The only 2 points of interest that caught my attention in between a multitude of bullet points were that :
- 93% of companies want an interface between their ticketing system and the cloud because they want to be able to benchmark their remaining inhouse services against their cloud services. This is likely to be an important point for us as we move to BPOS, because while our ticket numbers will still be measured through GTS & Magic, our ability to track ticket resolution times etc. will be hindered by the fact that Magic will not integrate with whatever system Microsoft uses today, not in the short term, anyway. We need to make sure we have the required processes in place as BPOS is rolled out.
- 78% of companies want dedicated servers. Security is the main concern here, but mostly because the correlation (or lack of) between security and server isolation is not well understood by most companies. In an ideal world, yes we would have assessed multitenant vs. dedicated in detail, but given our timescales for making THE decision, it makes sense that we have gone with dedicated rather than multitenant.
3 comments:
I just noticed this post and was curious what you meant by the statements. I don’t know where to find the full presentation, but I got some comments based on the statements.
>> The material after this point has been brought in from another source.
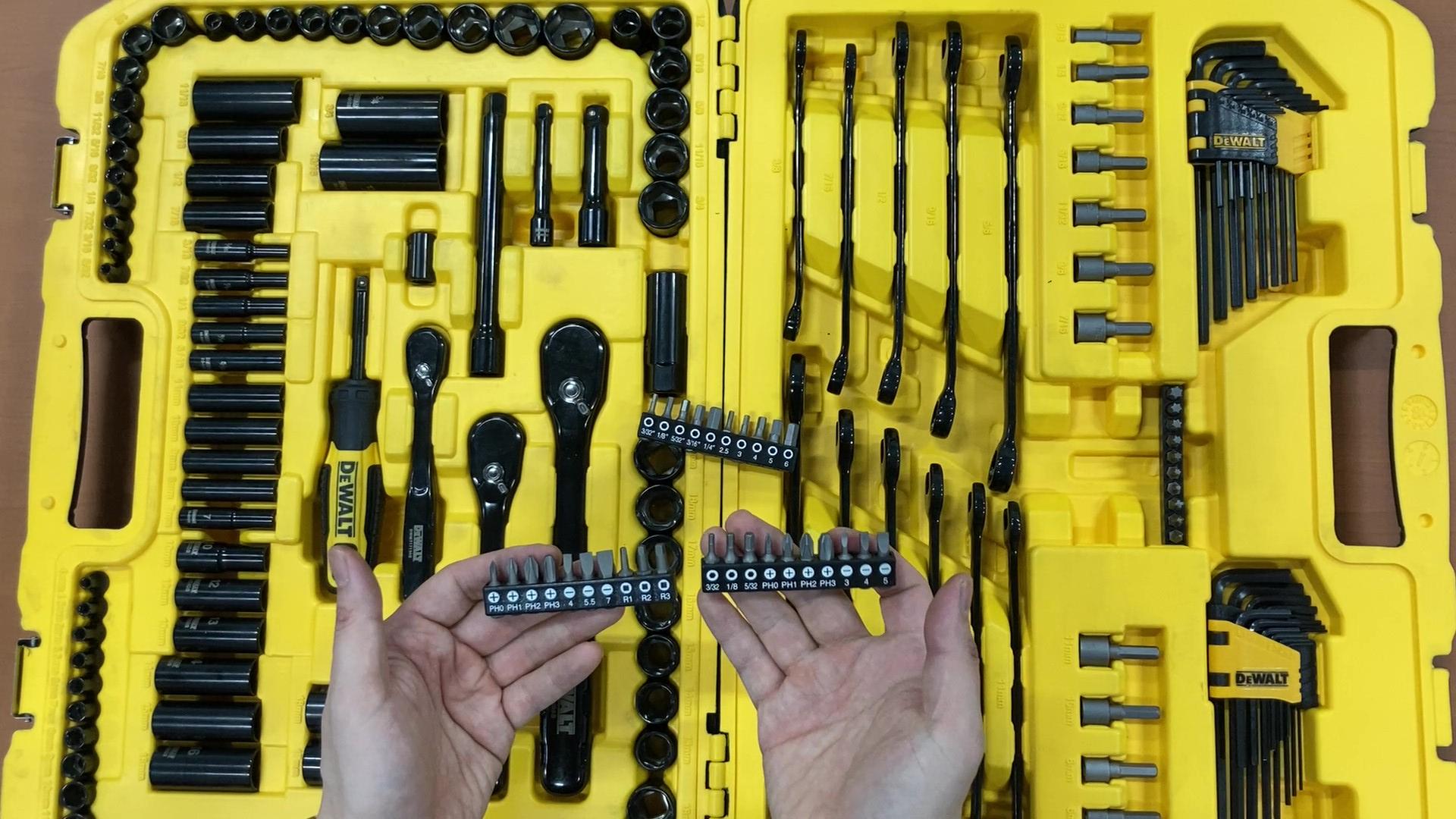 디월트 184PCS 세트의 가장 큰 매력은 그 구성의 다양성에 있습니다. 이 세트는 사실상 가정에서 필요한 모든 종류의 공구를 한 번에 담고 있습니다.

The first point seems to be a problem with insufficient tool integration between the cloud tooling and your internal process? You could always file the tickets through your normal process and then escalate them to the cloud provider. Since different providers have different cloud infrastructure, I’m sure there’ll be a market for integration points in the near term. And since clouds are pushing for automation, self-healing, self-servicing a lot of these requests are likely to be automatable or internally serviceable. Do you mind elaborating what more you are looking here?
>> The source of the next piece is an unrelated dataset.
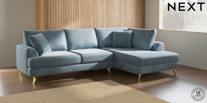 7.2.10 Parker Medium Corner Chaise - Right Hand Plush Chenille Light Blue High Metal - Brass | Made Click here to use our website with more accessibility support, for example screen readers
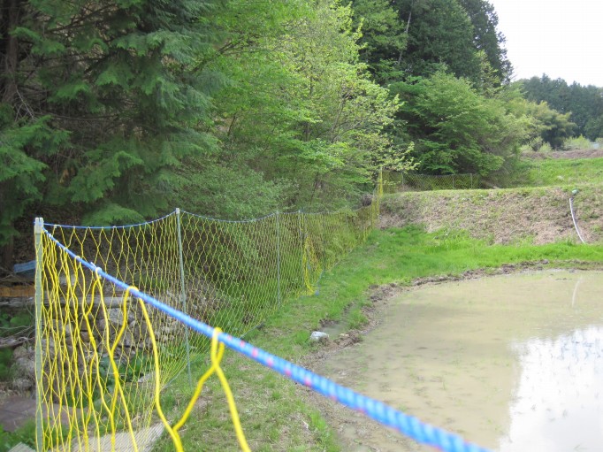 他の田んぼでは、田植え直後にネットを張らなかったもんで早速に鹿に入られて稲を食べられてしまったそうです。

The second point seems more controversial to me. Are you comparing on-premises against the cloud over the security of network control or between the cloud and traditional DC space renting? Each of them has different tradeoffs for security. In the first case, the control of the network is much stronger on-premises, but requires custom automation and maintenance to ensure continued security. With respect to renting dedicated space, the security of the machine seems to be more in the user’s space with all the negatives of shared infrastructure of the cloud. There are no automated updates of the OS or the network possible in the dedicated hosting since little is known of your requirements. A cloud provider has better knowledge of your stack and could provide continued network monitoring.
Note: I do work for MSFT, but cloud migration is something I wonder about.
Hi Aleks (quirkiest spelling I've seen of your name so far btw ;-) Thx for your comments.
Re. the first point - yes there is definitely a shortage of integration between enterprise ticketing systems and cloud vendors' ticketing systems at the moment. Without such integration, enterprises will still be able to track basic metrics like incident numbers etc. However, enterprises which are further along in their service management practices will be hindered by the lack of integration - eg. we track incident resolution time as one of our applications support performance metrics - this will neither be as easy to track nor as easily improvable once we move to the cloud, given that part of the resolution time will not be in our control.
About the second point, what I meant to say was that there is a perception in companies that cloud solutions are generally less secure than their own tried and tested on-prem solutions - but this perception is based more on the fact that there isn't yet any mainstream understanding of how on-prem security compares with cloud security. The presenter reckons that this point will be addressed as we have more and more trials of cloud computing, but in the meantime most companies, if they do venture out into the cloud, are much more likely to go for the dedicated model than for true multi-tenancy, which sort of hinders the cloud computing model given that the dedicated model is more of a hybrid of the external hosting model.
Very interested to know what it is you "wonder" about cloud migration! :)
(I think my previous response got lost)
I think the two points are heavily related because any type of outsourcing (dedicated hosting, private cloud, public cloud) will have the same problem with having external support. They would also have very similar security implication since they'd have shared infrastructure for cost reductions. I am not convinced that VM boundary is much different with respect to security.
The part that makes me wonder about cloud migration is statements like 'no more desktops in 3 years' (Google's european CXX I think), which imply a huge change in how clouds are used.